WE FOUND THE GOLDEN SNITCH! And it lives in the Bogotá Botanical Gardens

This weekend I probably looked significantly more like a tourist than anything else, but I’m okay with it, since all of my adventures were so much fun. Saturday, I headed to the Botanical Gardens, which are nestled near the massive Parque Simon Bolivar, in sort of the center-west of the city.



The Parque is slightly larger than Central Park, and it takes what seems like half an hour to drive around it. Rachel and I accidentally ended up on the opposite side of the park from the gardens, and were told by a somewhat amused vendor that it would take us at least an hour to walk there. Whoops. To the taxis!

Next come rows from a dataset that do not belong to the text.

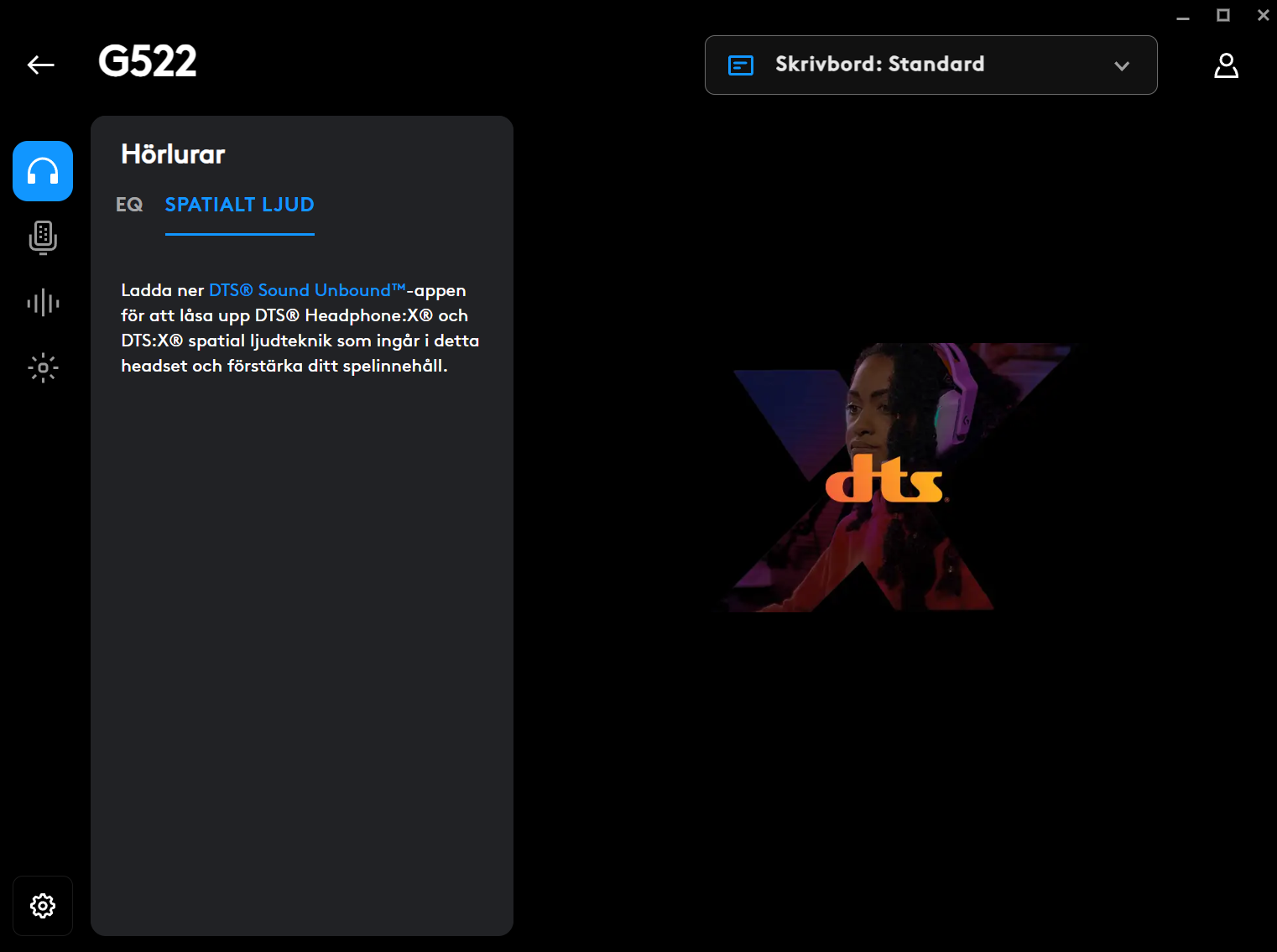 Vill du ha spatialt ljud, även kallat rumsligt ljud, så finns möjligheten via appen DTS Sound Unbound. Logitech säger att en licens är inkluderad ihop med köpet av G522. Detta skulle ske automatiskt vid installation men fungerade inte för mig, vilket i och för sig kan hänga ihop med att jag har fått förtur för att testa hörlurarna så allt kanske inte helt är på plats ännu.
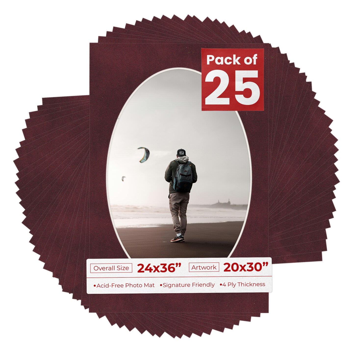 Dark Red Suede Mat Board for 24x36 Frames - Oval Opening for 20x30 Photos
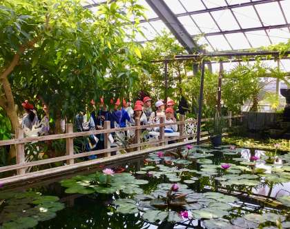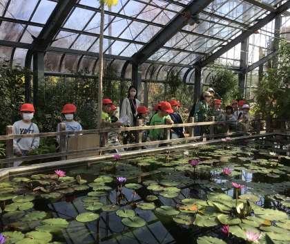 スイレンがいっぱいの池。メダカもいました。
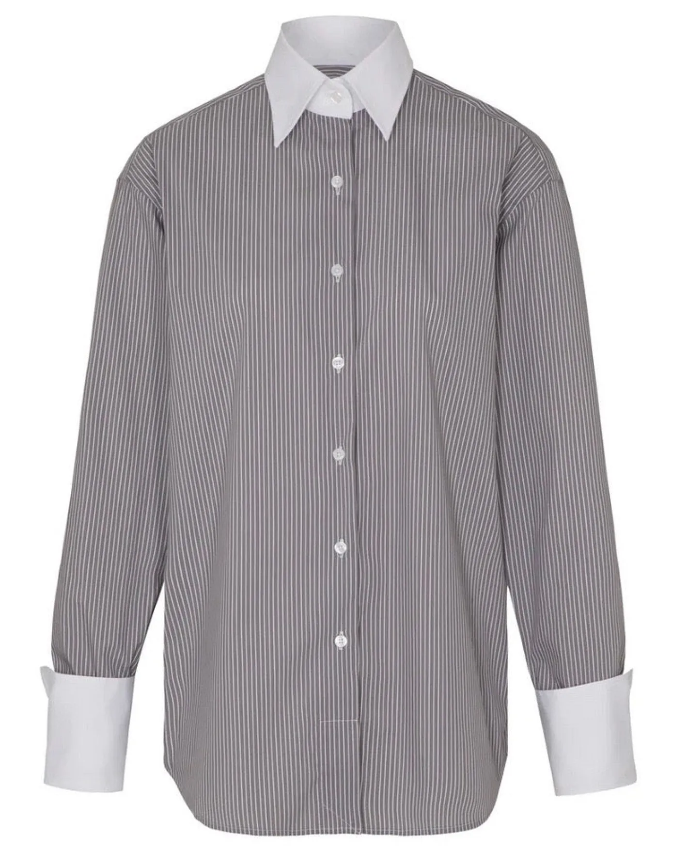 weißer abgesetzter Kragen und lange weiße Manschetten zum UmschlagenKnopfleiste leicht oversize geschnittenFarbe Grey…
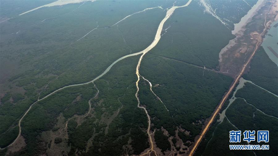12月21日無人機(jī)拍攝的廣西合浦縣黨江鎮(zhèn)更螺圍出??诘奈r塘。冬日,廣西廉州灣海域風(fēng)光別致。新華社記者張愛林?jǐn)z
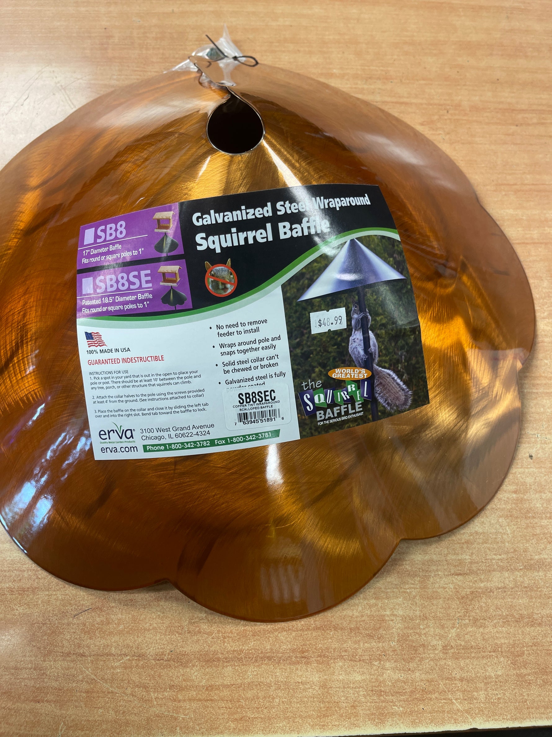 Galvanized, steel wraparound, squirrel baffle with a copper tent

The  gardens themselves are small but gorgeous — a tranquil little slice of the woods in the middle of the city. It’s amazing how quiet it is inside the gates — it’s almost possible to forget that you’re surrounded by cars, trucks belching diesel fuel and almost 8 million other people. We wandered through the Amazon greenhouses, the rose gardens and a few other exhibits before taking an-almost nap on the grass until we were kicked out by the staff (to be fair, we did stay more than half an hour after the official closing time).

This is where I'm taking all my dates this year.

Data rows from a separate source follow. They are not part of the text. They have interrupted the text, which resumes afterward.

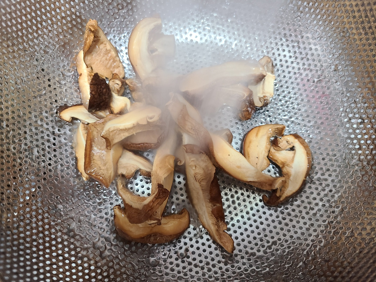 (말린 표고버섯은 먼지만 떼어낼 정도로 살살 씻어준 다음 물을 2컵정도 넣어 불려주세요.)
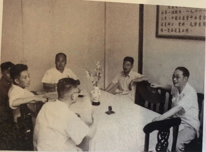 资料图片:20世纪50年代初期,陈毅(右三)、陈丕显(左二)、潘汉年(右一)、王尧山(右二)等上海市领导寻访老渔阳里2号。
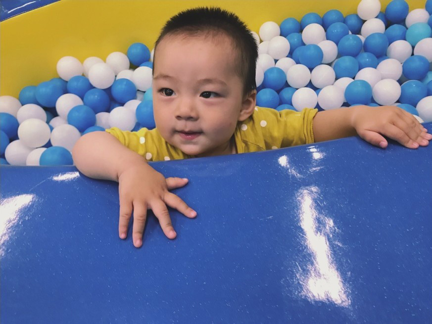 带小宝宝到游乐园里玩耍,将其放在小球池里
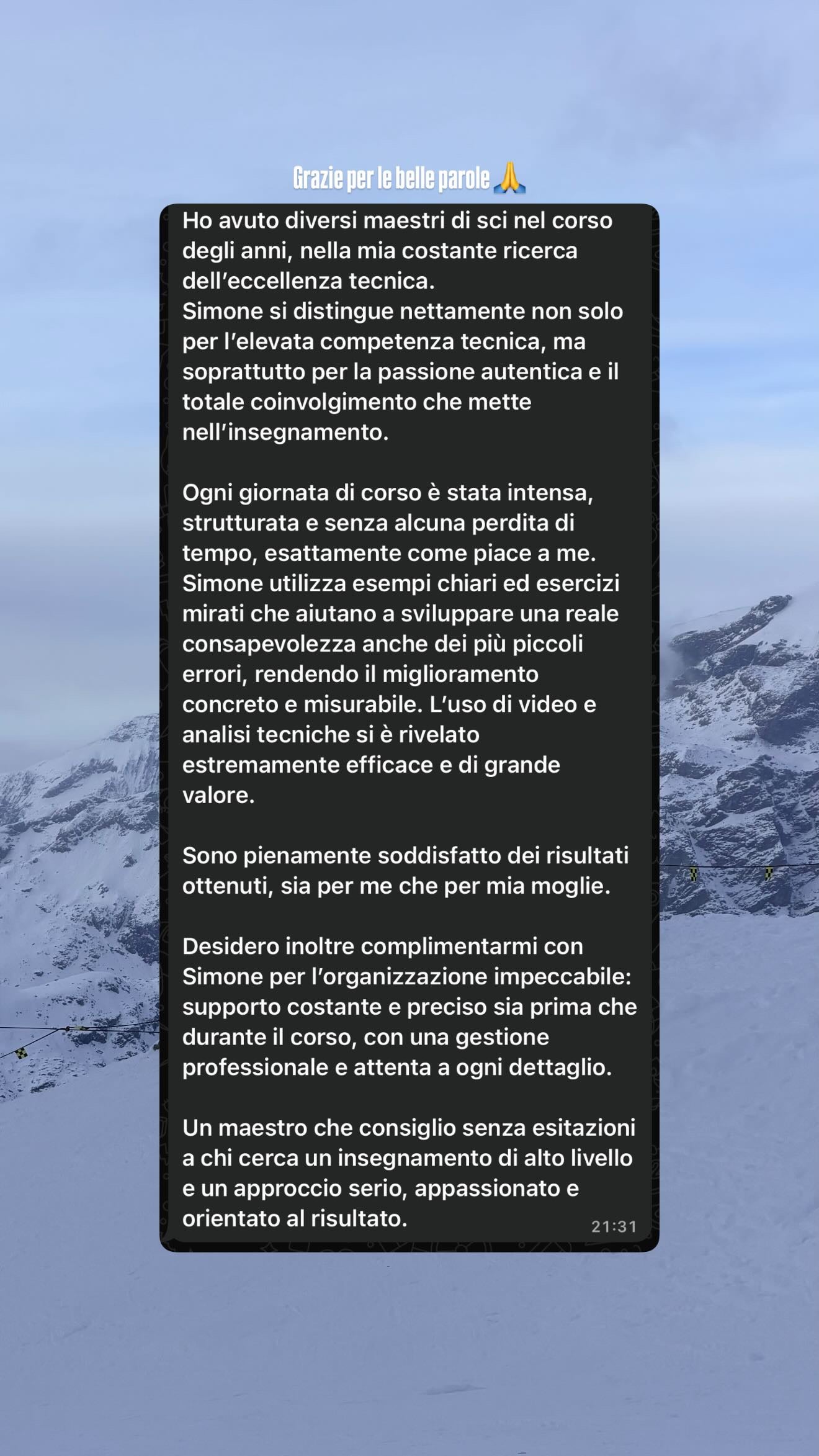 Negli anni ho insegnato sci in Italia e all’estero, aiutando centinaia di persone, dai principianti agli atleti, a migliorare la loro sciata in modo concreto e consapevole.

This morning, Kate, Tasha and I investigated the craft market at Usaquén, which used to be a little mountain village before it was swallowed by the ever-expanding urban amoeba of Bogotá. It still feels very separate from the city as a whole, though — little colonial houses, narrow streets, vendors selling mazorca(corn on the cob with salt and butter) on almost every corner. They have a well-known artisans’ market every Sunday, which attracts a mix of Bogotanos and tourists — as evidenced from the vendors who began speaking to us in English when they spotted Kate and Tasha’s blonde hair. The crafts run the gamut from beautiful paintings to tiny finger puppets, from overpriced to surprisingly affordable. Naturally, we spent most of our time looking at handmade notebooks and earrings. Surprise. Maybe someday I’ll feel like buying other things.



Still, it worked out pretty well for me — I got a beautiful handmade notebook, a (very cheap) bag in the colors of the Colombian flag so I’ll fit in a little more (seriously, patriotism via bags is a very real thing here), and a pair of origami earrings shaped like elephants. Elephants!

Perhaps the greatest victory of the day, though, was our discovery of an Argentine empanada place, tucked away in a narrow space on one of the side streets. While they do sell empanadas here in Bogotá, they’re typically filled only with carne or pollo, and fried to ensure there’s no chance for survival of whatever’s inside it. Which is to say, they don’t hold a candle to the delicious variety of Argentine empanadas. I was beside myself with happiness to find empanadas al horno (baked), in flavors from espinaca (spinach) to delicious cebolla con queso (onion with cheese).

Needless to say, I may be making a pilgrimage to Usaquén every Sunday until I’ve tried all the available empanada options. And then I’ll probably go back for seconds.